Ever since 2014, we've delivered all but one of our virtual conferences on a platform we developed in-house. The reason we built it was simple - no conference software existed at the time that could deliver the features we wanted to include in our events!
>> Take a look at our conference platform in action!
We wanted to:
- Play recorded video playlists (as if it is "live"). We actually have 3 playlists to serve the correct set of videos before, live and after it's over.
- Play a live streamed session. For those sessions that need to be live, then you also need to be able to do that from within your virtual session room.
- Have ways to show sponsor logos and adverts. If your event is free, then sponsorship may be really important to help with the costs. If you are being paid to promote a vendors product you need to offer a good ROI for them.
- Create virtual session rooms providing each session with a ringfenced chat room, playlist, and also include the speaker bio and session description to name a few features.
- Allow attendees to chat with each other and the presenter of the current session. This is ultra important if you go down the pre-recorded option. Your attendees and presenters will love it.
- Have really simple navigation from one session to the other. Most platforms only cater for single webinars/meetings, so moving from one session to another is usually a poor experience. They generally require the agenda to be surfaced on a different web site from where you're currently watching the session.
- Record good analytics. All our presenters want to know how many people attended their session. Google Analytics makes it a breeze to get this data from our platform as we have complete control.
Still, to this day, I don't think there's anything that can play a pre-recorded playlist of videos hosted on YouTube/Vimeo.
Summary
Firstly, I hope this article has been useful to you.

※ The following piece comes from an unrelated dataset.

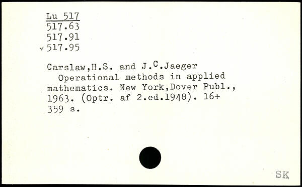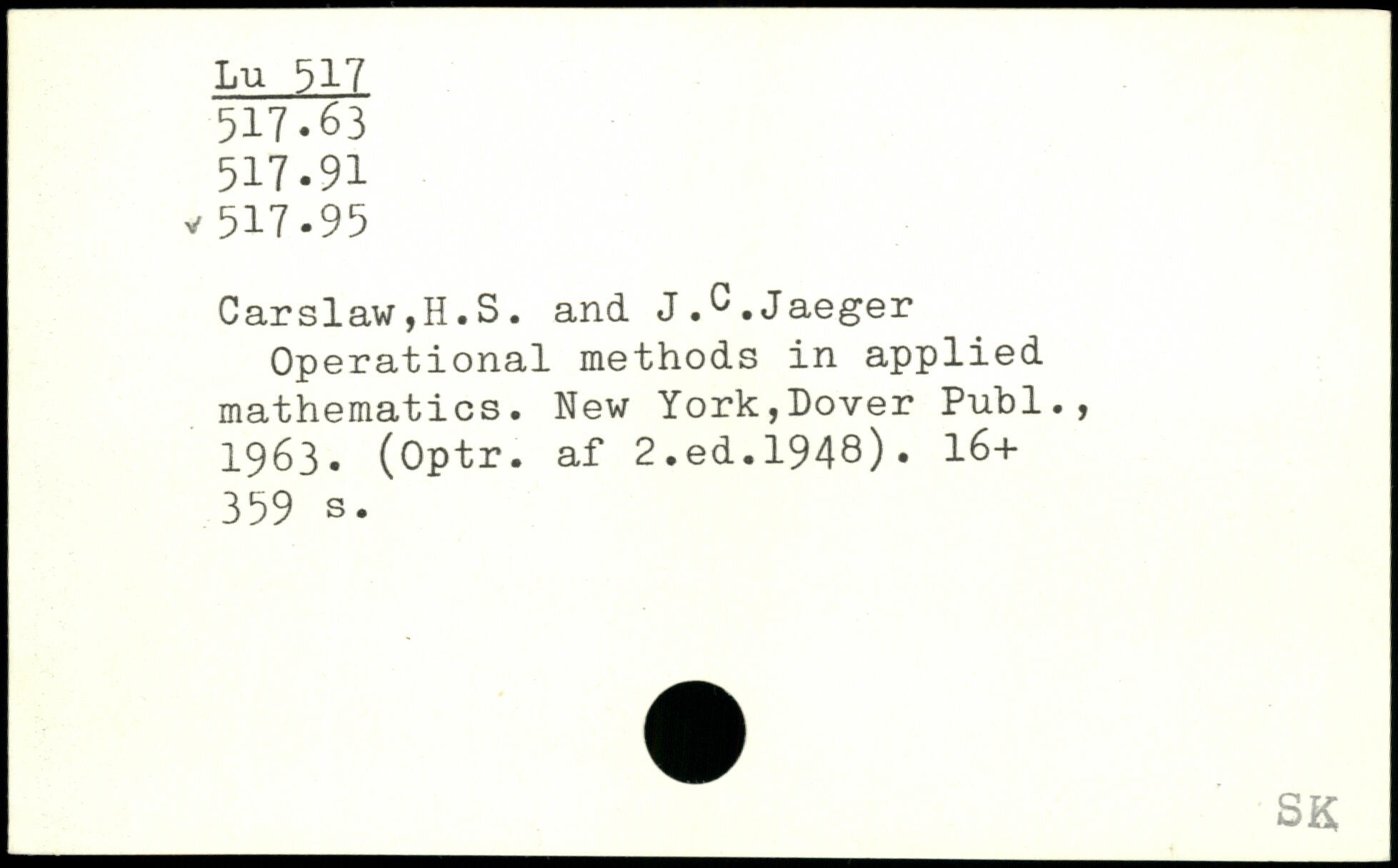 Carslaw,H.S. and J.^.Jaeger Operational methods in applied mathematics.

I believe it's always best to ask yourself "does this session absolutely have to be live?" If the answer is no, don't do it! Also, always have a backup because there's one thing I have learned over 6 years of doing them, things can and will go wrong!
Happy Virtual Conferencing!
good summary; thx
Thanks Dan!
Great overview! thanks!
Thanks for taking the time to read it Martinus!
Really good and useful tips! I will certainly ask my customers to follow your advice! Thank you so much!